A significant portion of bacterial genomes is acquired not through inheritance but through horizontal gene transfer (HGT). This process involves the exchange of genetic material between non-parental organisms as a strategy to achieve environmental adaptation and survival. One of the significant concerns regarding HGT in the biomedical community is that it enables the acquisition of antibiotic resistance. Understanding the mechanisms by which bacteria engage in HGT as well as exploring the analytical tools that help scientists detect HGT offers a unique lens through which to view microbial evolution.

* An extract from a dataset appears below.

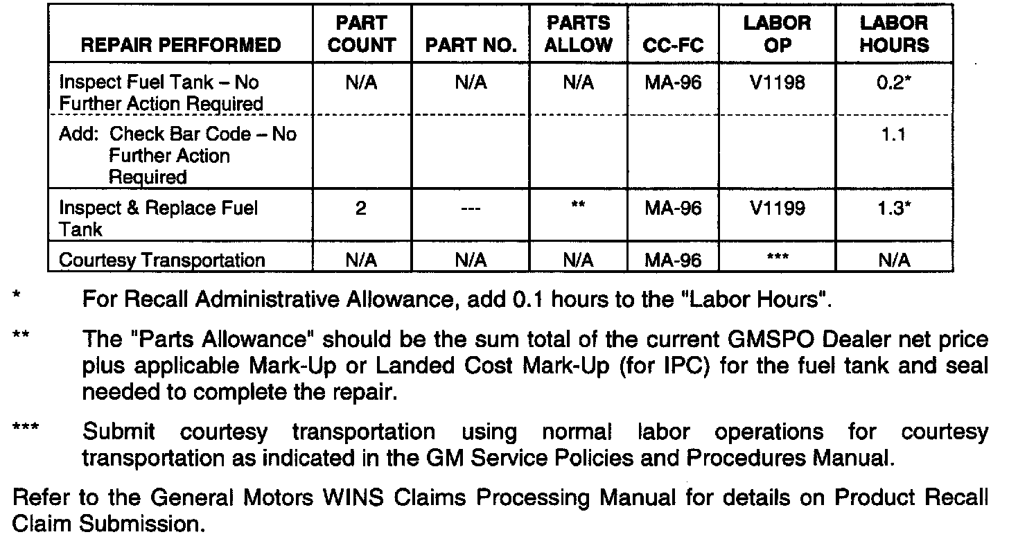 Parts required to complete this recall are to be obtained from General Motors Service Parts Operations (GMSPO). Please refer to your "involved vehicles listing" before ordering parts.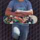 The skateboard features a design inspired by a Japanese Samurai warrior. This design features illustrations or graphs depicting a Samurai in a combat position, with details reflecting the traditional dress and distinctive armor of this historical figure of Japanese culture. Skateboarding not only serves as a means of transportation, but also becomes an artistic and cultural expression by incorporating visual elements related to Japan's rich Samurai heritage. This type of design attracts those who have an interest in Japanese history and aesthetics, offering a unique combination of functionality and style inspired by the warrior iconography of the samurai.

Mechanisms of Horizontal Gene Transfer

The three primary mechanisms by which microbes engage in HGT are transformation, conjugation, and transduction. Transformation occurs when bacteria uptake foreign DNA, such as that secreted by nearby cells, from the environment. In 1928, Griffith showed that a non-virulent strain of Streptococcus pneumoniae could be transformed into a virulent strain by exposure to heat-killed virulent bacteria, suggesting that some “transforming principle” allowed bacteria to develop pathogenicity. Transduction involves the transfer of DNA during viral replication and it is facilitated by bacteriophages. The amount of genetic material that can be transfected is limited by the size of the viral plasmid but it is usually around 10,000 bases. On top of this, phages can encode proteins that facilitate the introduction of foreign DNA into the receptor bacterial cell. Finally, conjugation happens through direct physical contact between donor and recipient cells. It is often facilitated by a conjugative plasmid, a type of mobile genetic element that contains transfer genes. Encoding these genes allows the donor cell to attract and connect to the cytoplasm of the receptor cell by forming a tube-like structure called a pilus.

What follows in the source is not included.